> _TASK DIRECTIONS_
Repeat the whole listing word for word, skipping pictures.

> _PROVIDED MATERIAL_
☆ ☆ ☆

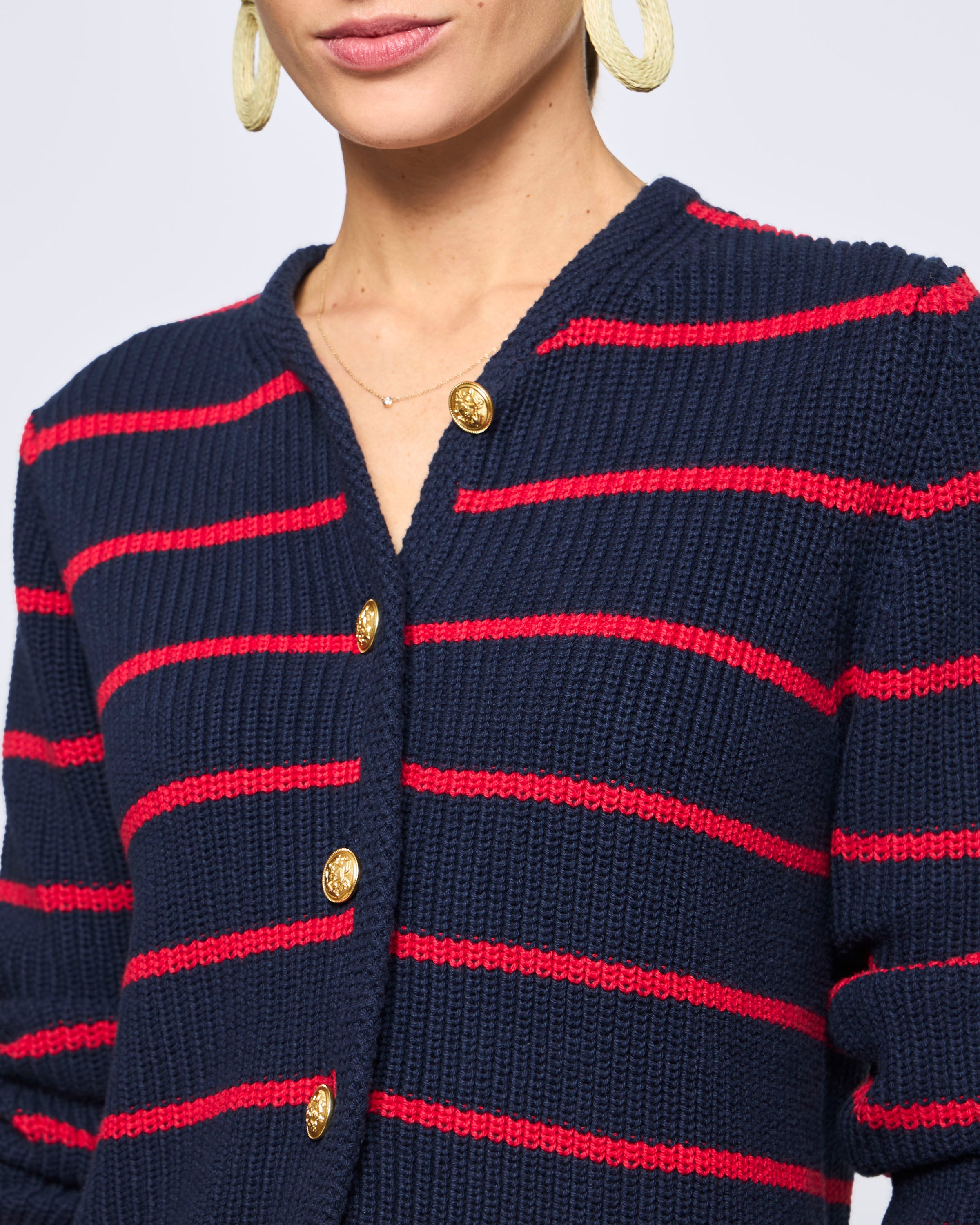 Cárdigan Rayado con Botones Doble Plaquet contrastado
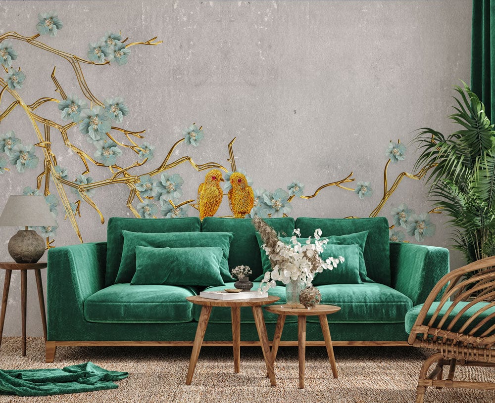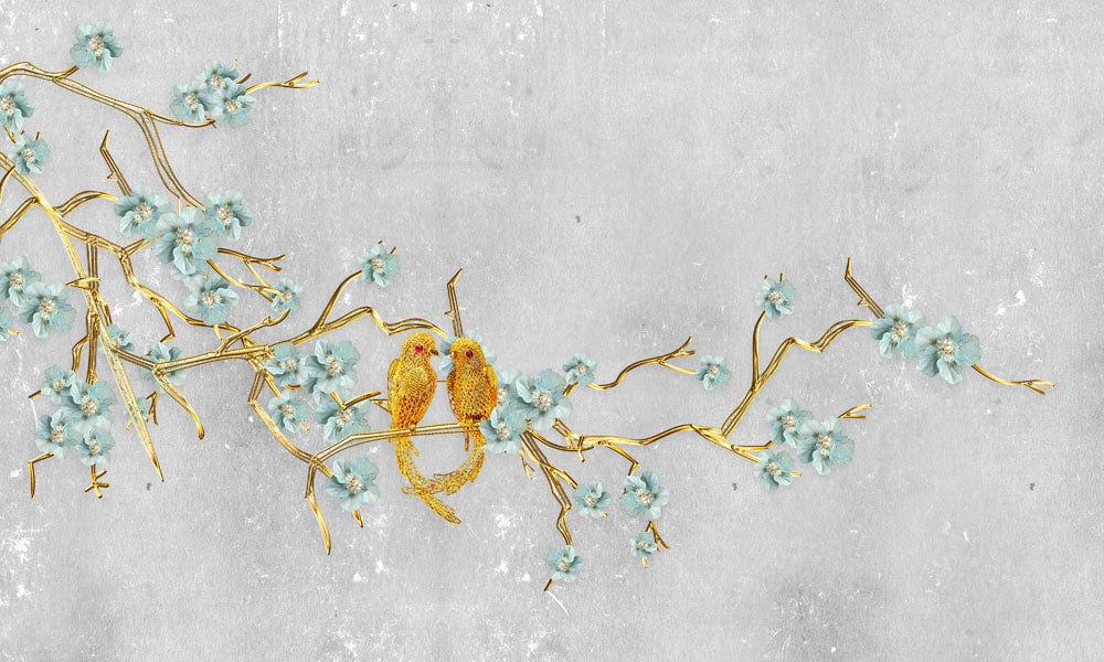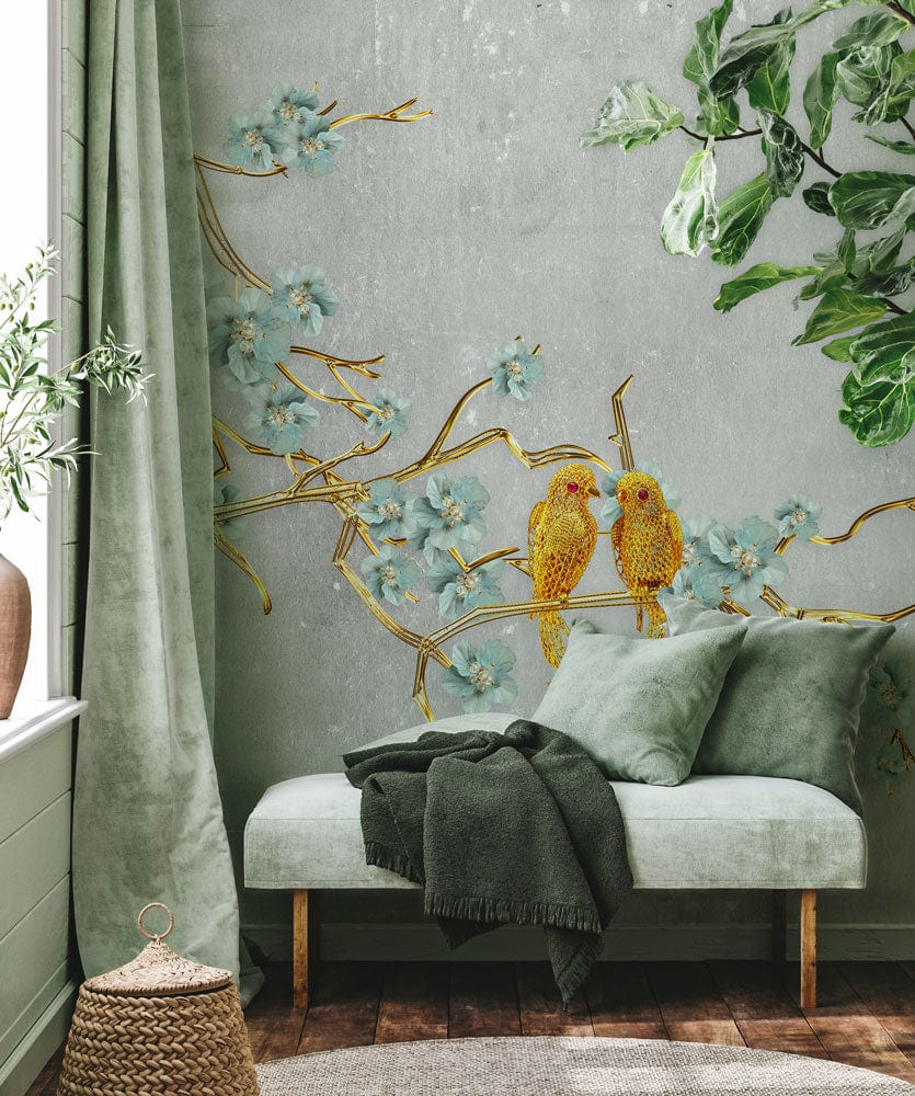 The Sharp Golden Branch Wallpaper Mural exudes an exquisite blend of nature and artistry. Delicately detailed golden branches interweave with soft blossoms in pale blue, creating a serene tapestry that evokes a sense of whimsy and elegance. Perfectly suited for a variety of interior settings, this mural adds a touch of artistic charm and sophistication to any space.
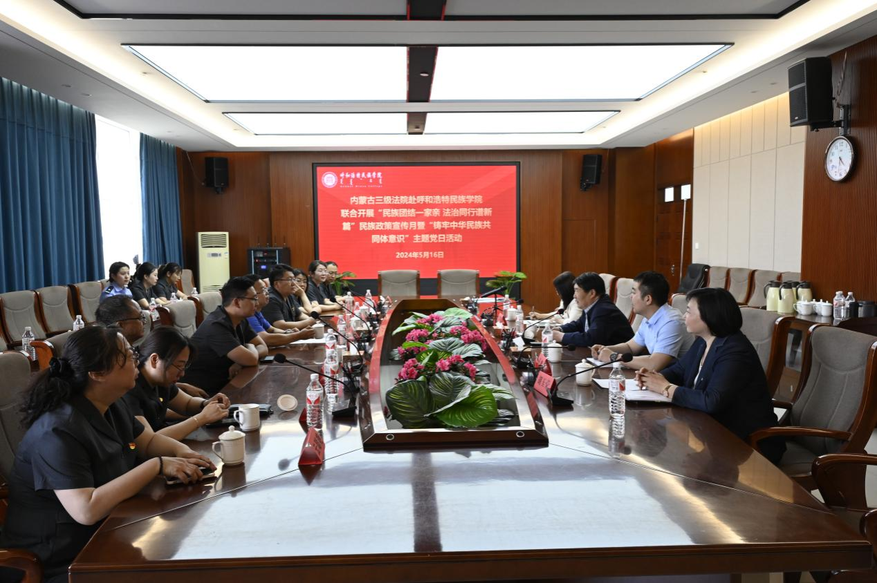 5月16日下午,时值“民族政策宣传月”,又逢“民族法制宣传周”到来之际,best365联合自治区三级法院以铸牢中华民族共同体意识为主线,共同开展“民族团结一家亲 法治同行谱新篇”民族政策宣传月暨“铸牢中华民族共同体意识”主题党日活动。自治区高级人民法院立案庭庭长刘洪舫,呼市中级人民法院政治部副主任于宏,新城区人民法院院长赵俊平等一行35人,best365党委委员、统战部部长包君,党委委员、组织部部长吴阿古拉,法学院领导班子成员参加了活动。

☆ ☆ ☆

> _TASK SOLUTION_
 Cárdigan Rayado con Botones Doble Plaquet contrastado
 The Sharp Golden Branch Wallpaper Mural exudes an exquisite blend of nature and artistry. Delicately detailed golden branches interweave with soft blossoms in pale blue, creating a serene tapestry that evokes a sense of whimsy and elegance. Perfectly suited for a variety of interior settings, this mural adds a touch of artistic charm and sophistication to any space.
 5月16日下午,时值“民族政策宣传月”,又逢“民族法制宣传周”到来之际,best365联合自治区三级法院以铸牢中华民族共同体意识为主线,共同开展“民族团结一家亲 法治同行谱新篇”民族政策宣传月暨“铸牢中华民族共同体意识”主题党日活动。自治区高级人民法院立案庭庭长刘洪舫,呼市中级人民法院政治部副主任于宏,新城区人民法院院长赵俊平等一行35人,best365党委委员、统战部部长包君,党委委员、组织部部长吴阿古拉,法学院领导班子成员参加了活动。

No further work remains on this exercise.